■ WHAT THE TASK ASKS
The entire listing, reproduced exactly and stripped of images, is the expected output.
═════ COLLECTED DATA
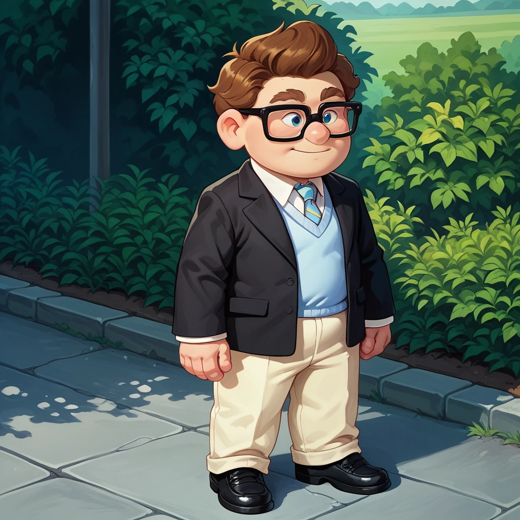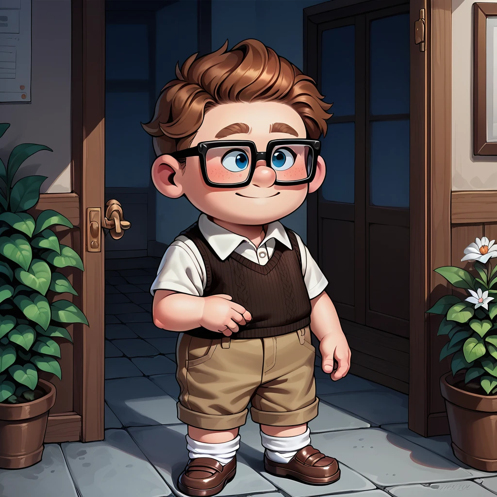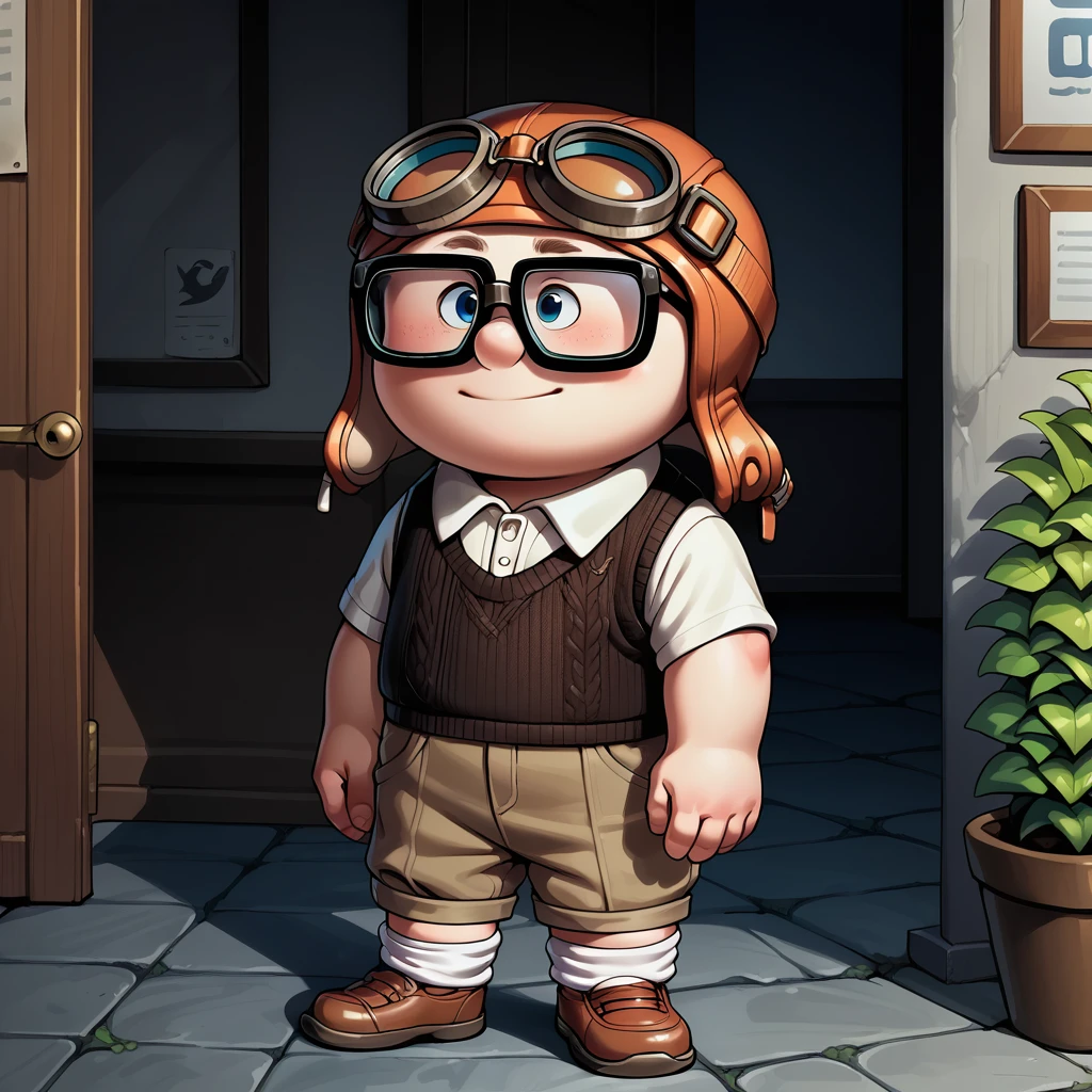 0.1, 1boy, (child:1.2), chubby, glasses, solo,goggles on headwear, grey sweater vest, brown_pants rolled_up, white socks, brown shoes,
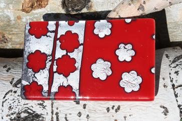 3 1/2" x 2 1/4" Silver on Red Flowers
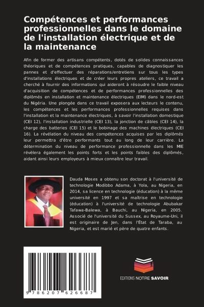 Afin de former des artisans compétents, dotés de solides connaissances théoriques et de compétences pratiques, capables de diagnostiquer les pannes et d'effectuer des réparations/entretiens sur tous les types d'installations électriques et de créer leurs propres ateliers, ce travail a cherché à fournir des informations qui aideront à résoudre le faible niveau d'acquisition de compétences et de performances professionnelles des diplômés en installation et maintenance électriques (EIM) dans le nord-est du Nigéria. Une plongée dans ce travail exposera aux lecteurs le contenu, les compétences et les performances professionnelles requises dans l'installation et la maintenance électriques, à savoir l'installation domestique (CEI 12), l'installation industrielle (CEI 13), la jonction de câbles (CEI 14), la charge des batteries (CEI 15) et le bobinage des machines électriques (CEI 16). La révélation du niveau des compétences acquises par les diplômés leur permettra d'être performants tout au long de leur carrière. La détermination du niveau de performance professionnelle dans les MIE révèlera également les points forts et les points faibles des diplômés, aidant ainsi leurs employeurs à mieux connaître leur travail.
══════════
■ OUTPUT FOR THIS TASK
 0.1, 1boy, (child:1.2), chubby, glasses, solo,goggles on headwear, grey sweater vest, brown_pants rolled_up, white socks, brown shoes,
 3 1/2" x 2 1/4" Silver on Red Flowers
 Afin de former des artisans compétents, dotés de solides connaissances théoriques et de compétences pratiques, capables de diagnostiquer les pannes et d'effectuer des réparations/entretiens sur tous les types d'installations électriques et de créer leurs propres ateliers, ce travail a cherché à fournir des informations qui aideront à résoudre le faible niveau d'acquisition de compétences et de performances professionnelles des diplômés en installation et maintenance électriques (EIM) dans le nord-est du Nigéria. Une plongée dans ce travail exposera aux lecteurs le contenu, les compétences et les performances professionnelles requises dans l'installation et la maintenance électriques, à savoir l'installation domestique (CEI 12), l'installation industrielle (CEI 13), la jonction de câbles (CEI 14), la charge des batteries (CEI 15) et le bobinage des machines électriques (CEI 16). La révélation du niveau des compétences acquises par les diplômés leur permettra d'être performants tout au long de leur carrière. La détermination du niveau de performance professionnelle dans les MIE révèlera également les points forts et les points faibles des diplômés, aidant ainsi leurs employeurs à mieux connaître leur travail.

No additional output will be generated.